In mathematics, a fractal is a geometric shape containing detailed structure at arbitrarily small scales, usually having a fractal dimension strictly exceeding the topological dimension. Many fractals appear similar at various scales, as illustrated in successive magnifications of the Mandelbrot set. This exhibition of similar patterns at increasingly smaller scales is called self-similarity, also known as expanding symmetry or unfolding symmetry; if this replication is exactly the same at every scale, as in the Menger sponge, the shape is called affine self-similar. Fractal geometry relates to the mathematical branch of measure theory by their Hausdorff dimension.

One way that fractals are different from finite geometric figures is how they scale.

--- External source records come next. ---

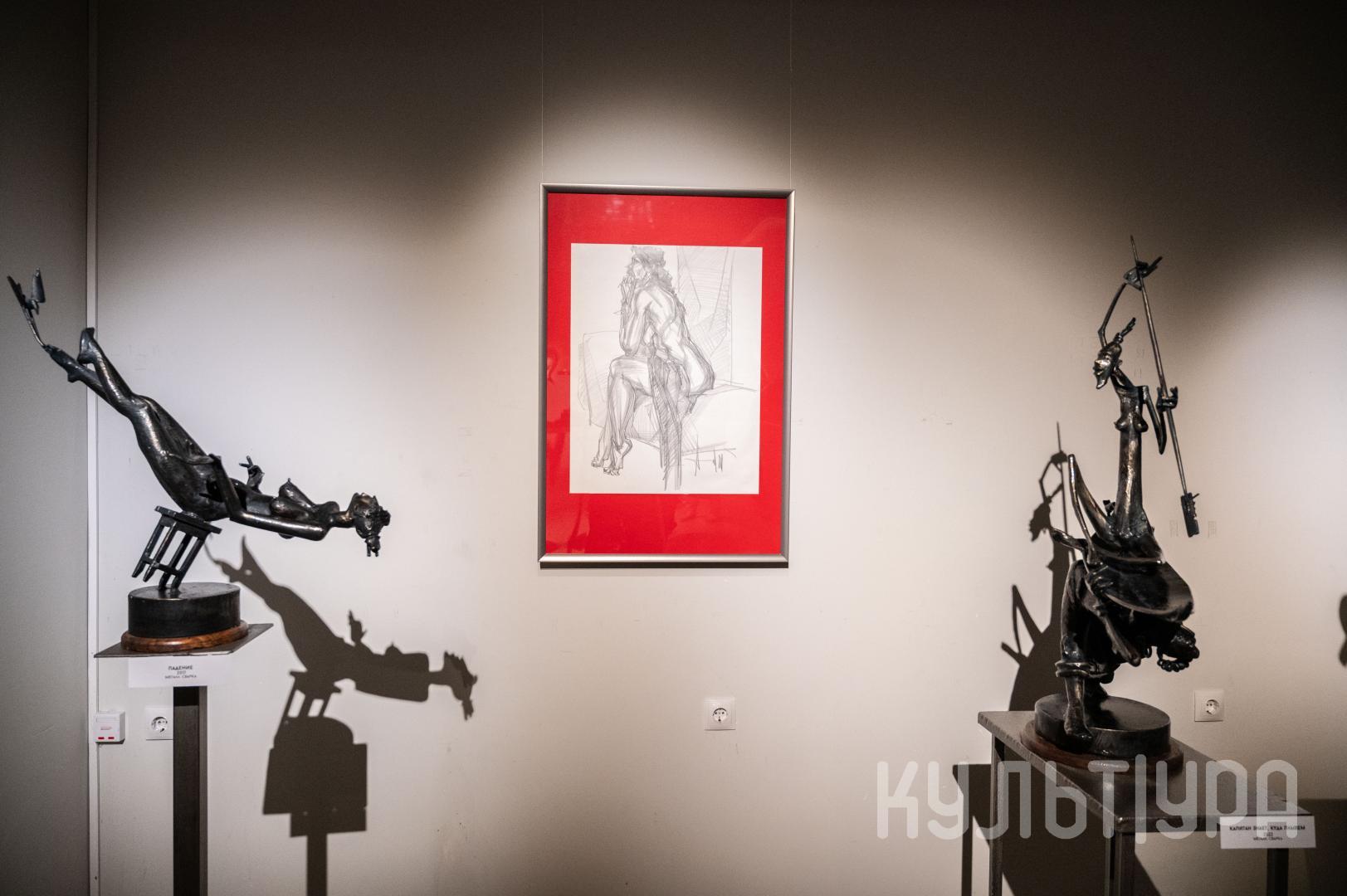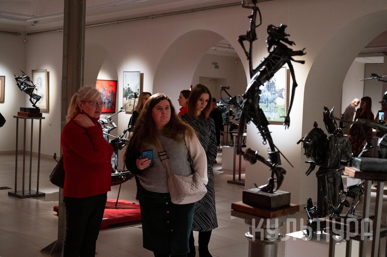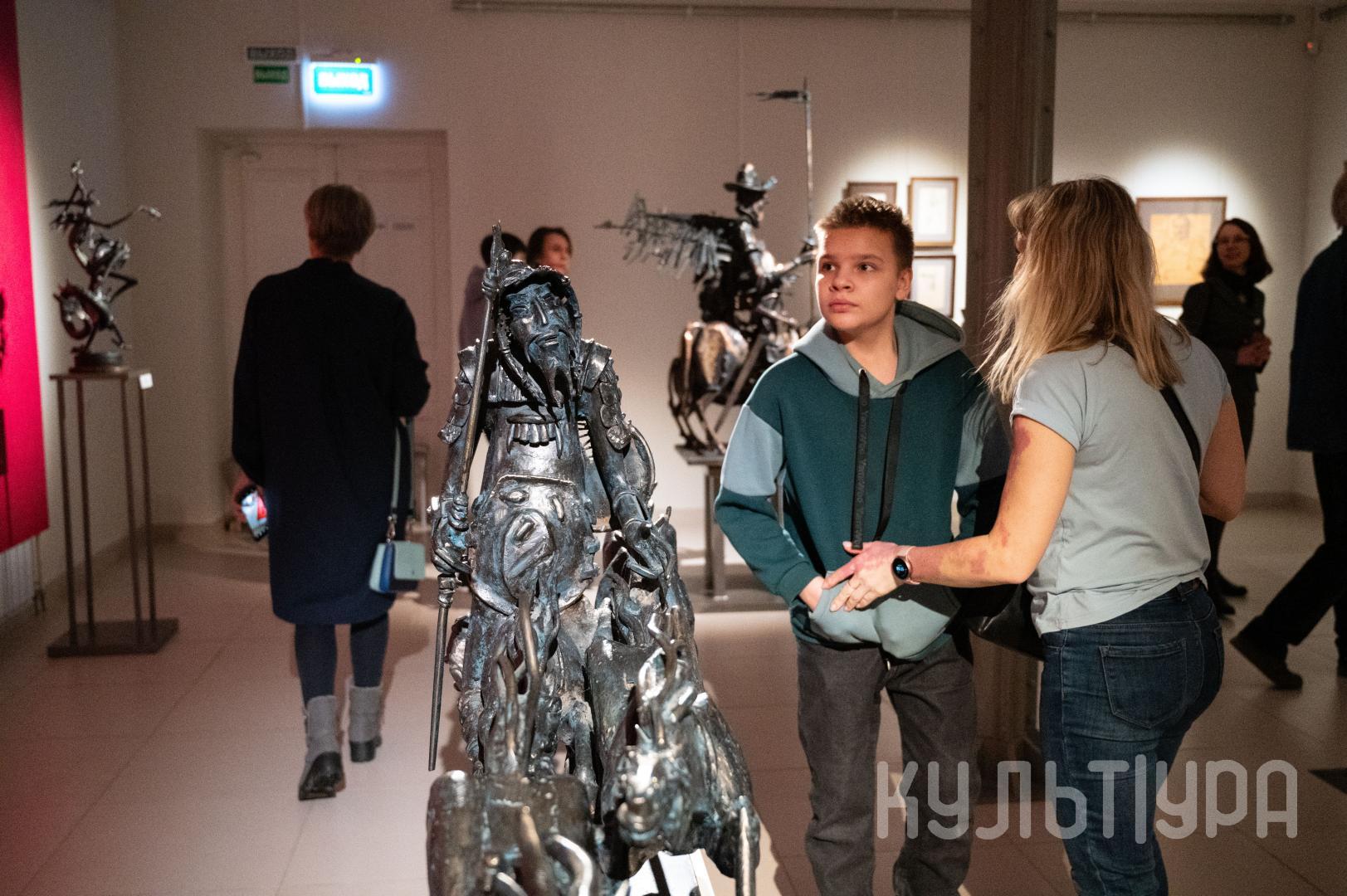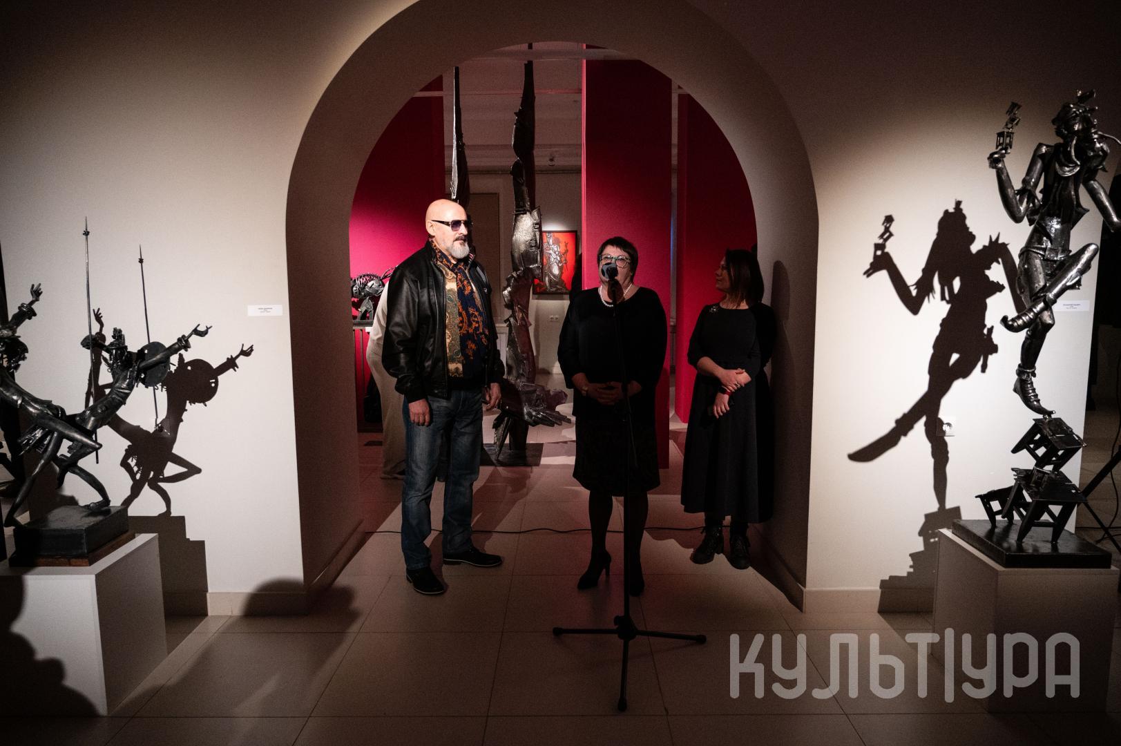 Весь первый этаж выставки METAЛLIFE организаторы превратили в разновременное пространство, в котором сочетаются античные и библейские сюжеты, европейское средневековье и кочевая Азия. Скульптуры из серии малой пластики невелики по размеру – достигают максимум 40 см, но монументальные произведения – высотой до 4 метров - поражают своим величием. Каждая из работ имеет свое настроение, стиль исполнения и чем-то напоминает карнавал ваяний из металла в образах шутов, королей, рыцарей, музыкантов, странников.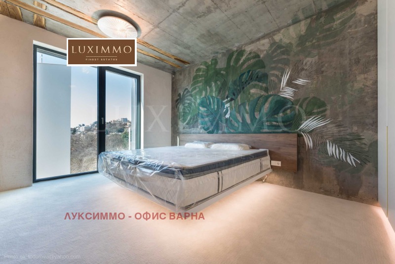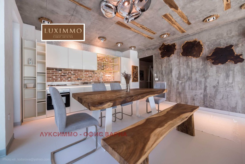 Дизайнът е уникален - естествен и модерен, предизвикателен и светъл, носещ посланието на автономност, релакс и морската атмосфера. В бетоновите плочи по тавана на апартамента са вградени естествени дървени орнаменти от акация. Тухлените стени и бетонът са използвани за естествена декорация, като са допълнително обработени, импрегнирани и грундирани. Мебели, кухня, матраци и дивани, атрактивни плочки, осветителни тела - всички са на известни италиански марки. Вниманието в трапезария е с акцент на екстравагантната маса, изработена по поръчка, от ценно и рядко дърво от Амазонка. Банята е отделена със стъклена врата, за изобилието на слънчева светлина, а всички санитарии са първокласно немско качество.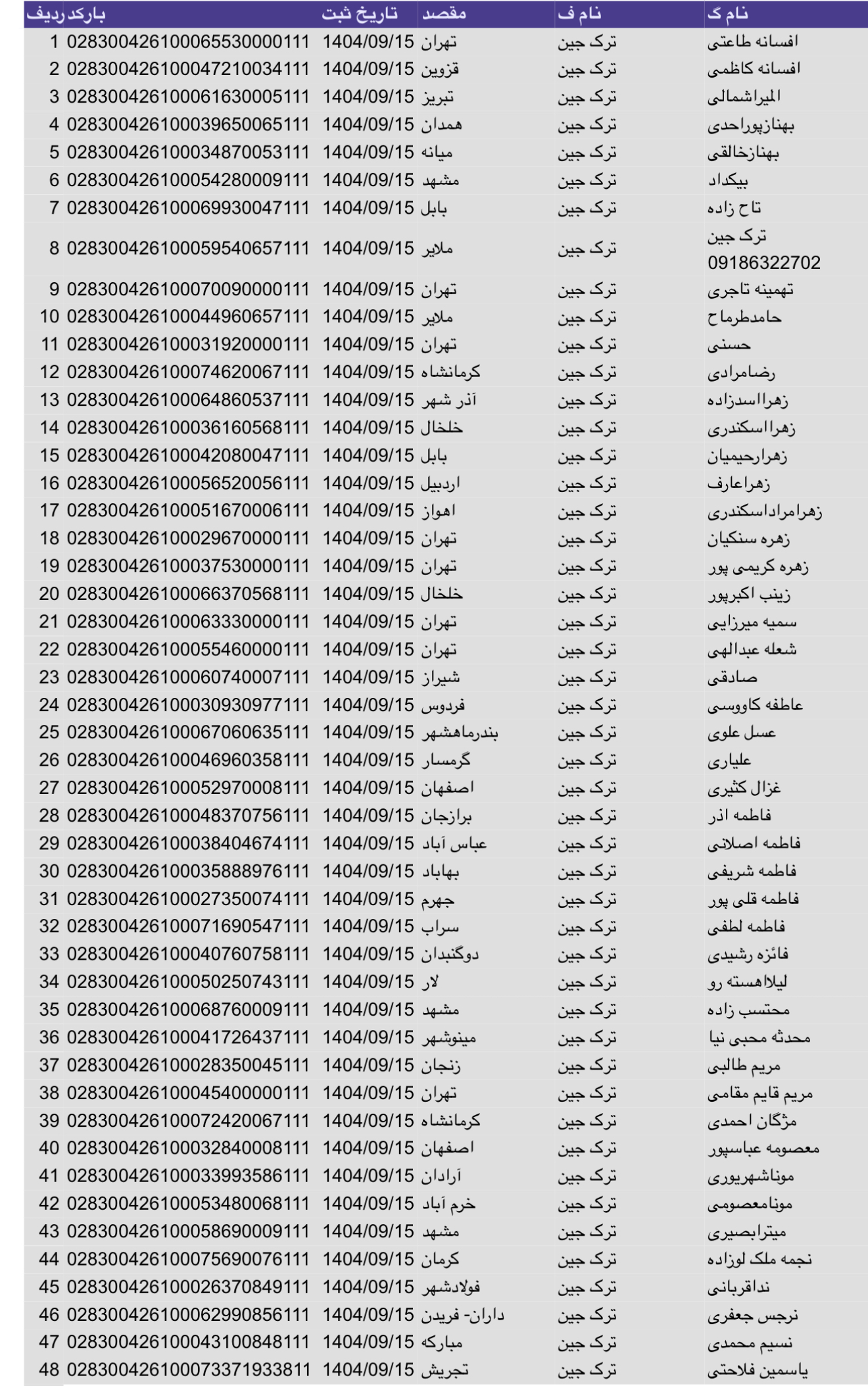 سفارشات ثبتی تا ۲۴ اردیبهشت

Doubling the edge lengths of a filled polygon multiplies its area by four, which is two (the ratio of the new to the old side length) raised to the power of two (the conventional dimension of the filled polygon). Likewise, if the radius of a filled sphere is doubled, its volume scales by eight, which is two (the ratio of the new to the old radius) to the power of three (the conventional dimension of the filled sphere). However, if a fractal's one-dimensional lengths are all doubled, the spatial content of the fractal scales by a power that is not necessarily an integer and is in general greater than its conventional dimension. This power is called the fractal dimension of the geometric object, to distinguish it from the conventional dimension (which is formally called the topological dimension).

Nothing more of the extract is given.